*Exercise goal*:
The expected output is each line from the one containing "Серия Platte представлена" to the last line of the data below, set down exactly, minus the pictures.

*Dataset content*:
<<<<

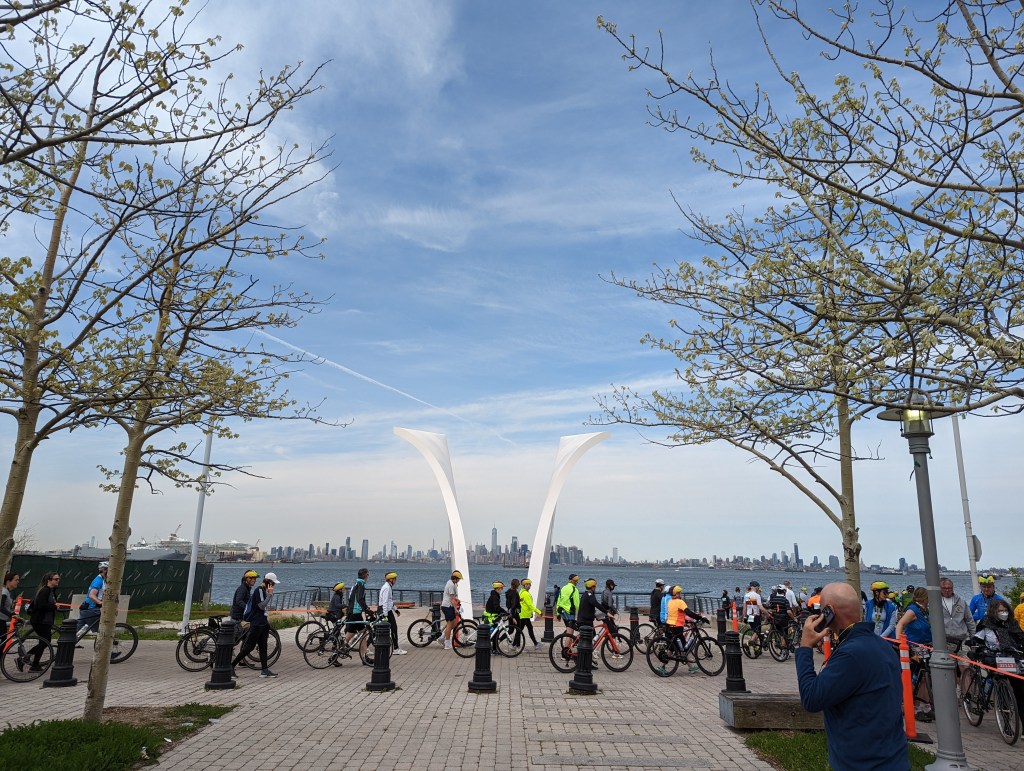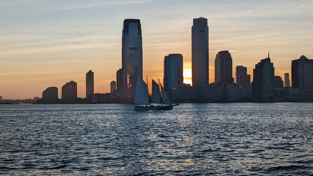 Mientras hacíamos cola para embarcar en estos emblemáticos barcos naranja, pude capturar esta imagen del World Trade Center enmarcado por el monumento denominado Postcards, diseñado por Santiago Calatrava en memoria de las víctimas del 11 de septiembre de 2001.
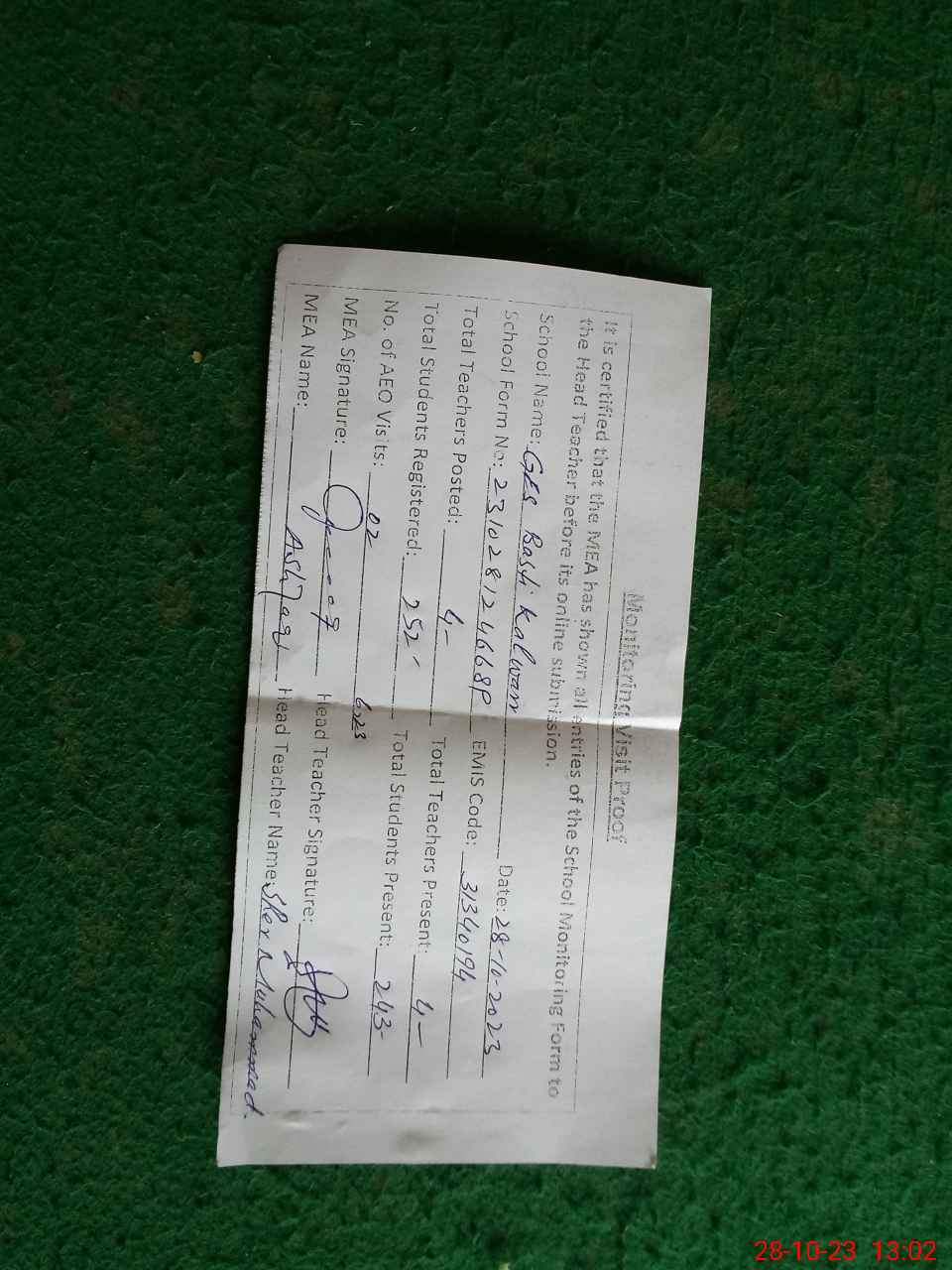 | Attendance Register | Head Teacher | MEA with School | Visit Proof |
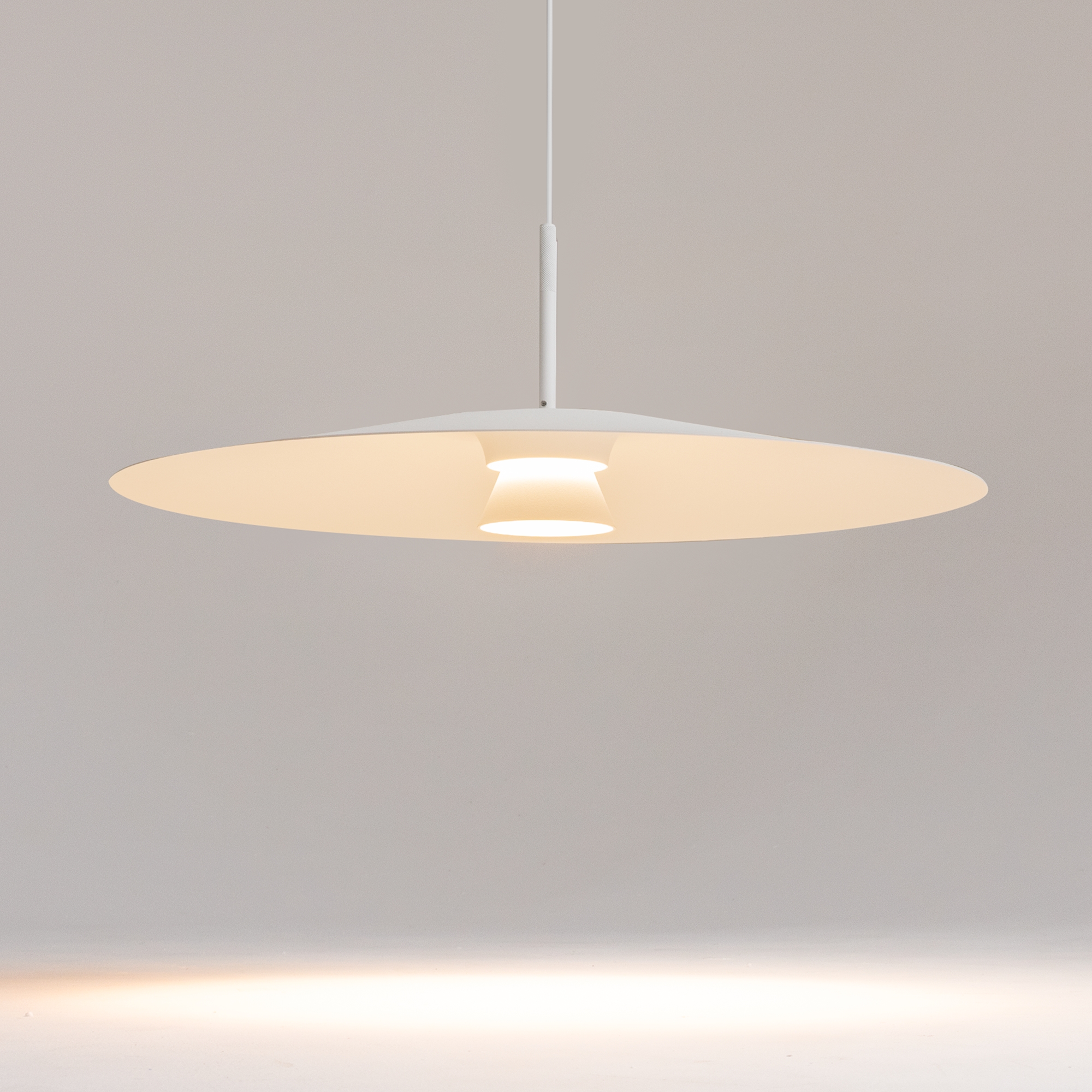 Серия Platte представлена одинарными подвесными светильниками диаметром 350 и 500 мм. Цвет металлической арматуры и плафонов – белый. Источник света – LED. Тип рассеивания — рассеянный. Цветовая температура — 3000 К. Угол рассеивания — 125°. В серии предусмотрен длинный регулируемый провод 3 м.
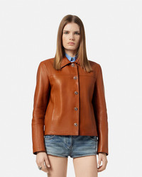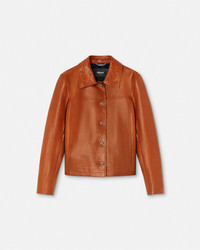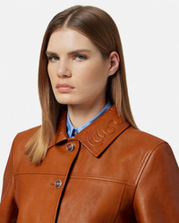 DETAILS This leather blouson jacket is crafted in grained calf leather in a boxy fit The design is accented by a laserembossed Barocco motif along the collar and signature Medusa buttons - Barocco motif - Medusa hardware - Long sleeves - Pointed collar - Front button closure - Side pockets - Outer composition: 100% Calf leather - Lining: 100% Cupro Item: 1019810-1A14112_1O730 SIZE & FIT - The model is 5'10" / 1.79 m tall and wears size 38 IT

>>>>

*Result of this exercise*:
 Серия Platte представлена одинарными подвесными светильниками диаметром 350 и 500 мм. Цвет металлической арматуры и плафонов – белый. Источник света – LED. Тип рассеивания — рассеянный. Цветовая температура — 3000 К. Угол рассеивания — 125°. В серии предусмотрен длинный регулируемый провод 3 м.
 DETAILS This leather blouson jacket is crafted in grained calf leather in a boxy fit The design is accented by a laserembossed Barocco motif along the collar and signature Medusa buttons - Barocco motif - Medusa hardware - Long sleeves - Pointed collar - Front button closure - Side pockets - Outer composition: 100% Calf leather - Lining: 100% Cupro Item: 1019810-1A14112_1O730 SIZE & FIT - The model is 5'10" / 1.79 m tall and wears size 38 IT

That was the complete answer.